Worried that you’re gaining weight even while working out? Fitness Fahrenheit explains why in this guide and what you can do about it.

Have you ever hit the gym hard, only to step on the scale and be disappointed to see the numbers going up instead of down?

It’s a frustrating experience, no doubt; but the good news is, it’s a common phenomenon and typically temporary.

Fitness Fahrenheit, in its latest guide, explores the reasons why you might be gaining weight despite your best efforts in the gym, and what you can do about it.

Read the guide in full here https://www.fitnessfahrenheit.com/does-weightlifting-make-you-gain-weight/

In the guide, Fitness Fahrenheit highlights that weight gain is a natural fallout of strength training, albeit temporarily. As a result, the expert advises that you don’t get alarmed if you see a higher scale number, as this may indicate progress and that your body is adjusting to the workout.

A common cause of weight gain, as the guide pointed out, is the buildup of new lean muscle mass that resulted from the exercise. "If you are weight training regularly, your body fat percentage will decrease, but your muscle will become denser," the guide noted.

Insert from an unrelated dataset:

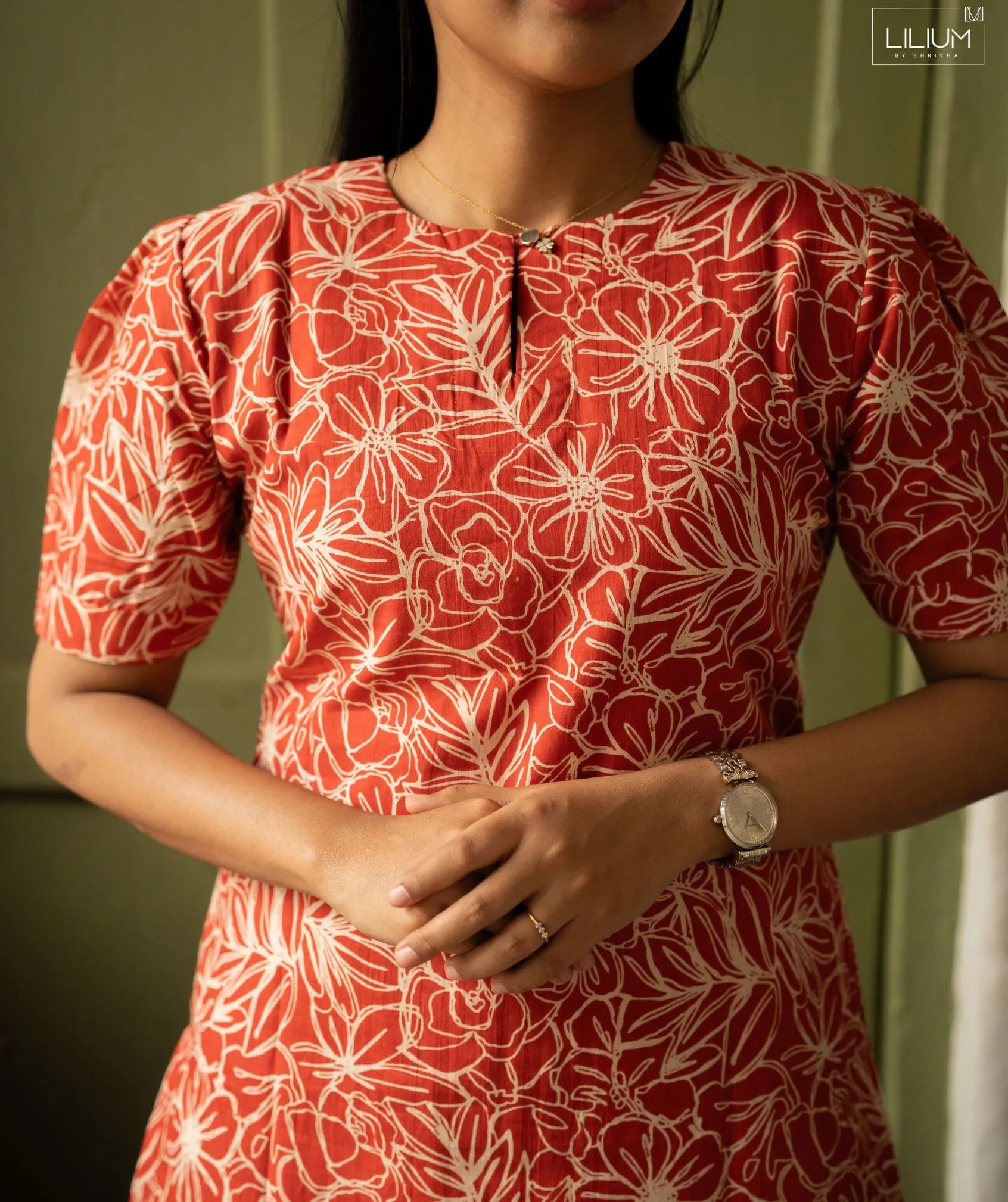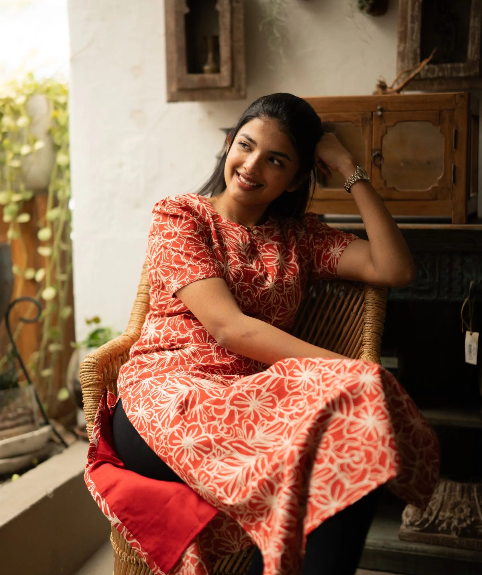Crimson Wildflower Cotton Kurti with Elbow Sleeves

Since muscle mass is denser than fat, it tends to show up as extra weight. This shift in your body composition, as Fitness Fahrenheit explained, takes at least a month or two of consistent strength training to manifest.

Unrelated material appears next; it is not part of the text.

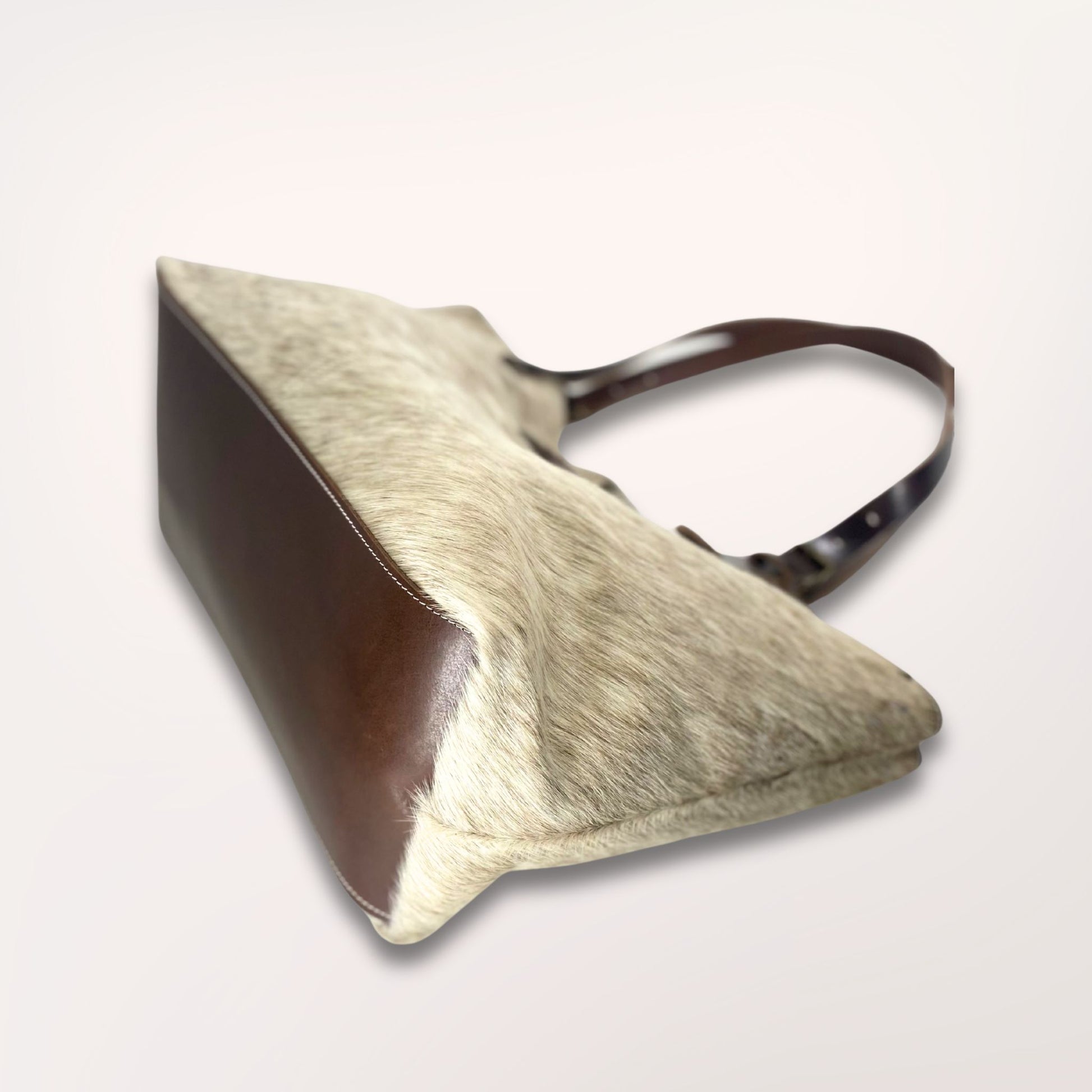 Cabas en peau de vache Brown Swiss – Taupe & Blanc naturel #27/106

Other reasons for weight gain outlined by the guide include increased water retention from consuming post-workout snacks or supplements and inflammatory weight gain.

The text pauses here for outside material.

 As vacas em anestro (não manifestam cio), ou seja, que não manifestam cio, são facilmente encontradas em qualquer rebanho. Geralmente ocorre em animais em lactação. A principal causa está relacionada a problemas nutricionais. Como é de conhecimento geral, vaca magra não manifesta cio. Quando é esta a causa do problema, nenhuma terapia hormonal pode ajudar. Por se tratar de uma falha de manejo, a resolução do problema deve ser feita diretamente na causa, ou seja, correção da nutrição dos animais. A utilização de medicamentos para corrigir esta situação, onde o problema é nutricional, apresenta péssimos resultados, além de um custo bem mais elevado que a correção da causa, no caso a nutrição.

As Fitness Fahrenheit explained, some post-workout supplements, such as creatine, are high in carbs, which, when consumed, cause a spike in your muscle glycogen, stimulating your body to retain more water.

Exercise-induced inflammation results from the body’s repair process for those microtears your muscle tissues sustain during a workout. These inflammations occur because of an accumulation of white blood cells in the body, which can show up as temporary weight gain post-workout, the guide stated.

You can also find a variety of other practical tips in the guide that can help you avoid post-workout weight gain.

For example, the guide recommends switching those carb-loaded post-workout snacks for protein-rich alternatives.

Doing more cardio, especially moderately intense cardio exercises, for at least five hours a week in addition to weight training two days a week is an excellent way to increase your strength and prevent weight gain.

Don’t sweat it. Even when you don’t see the results of your workout or think your weight gain issue is getting worse, keep on grinding at the gym and you’ll surely smile!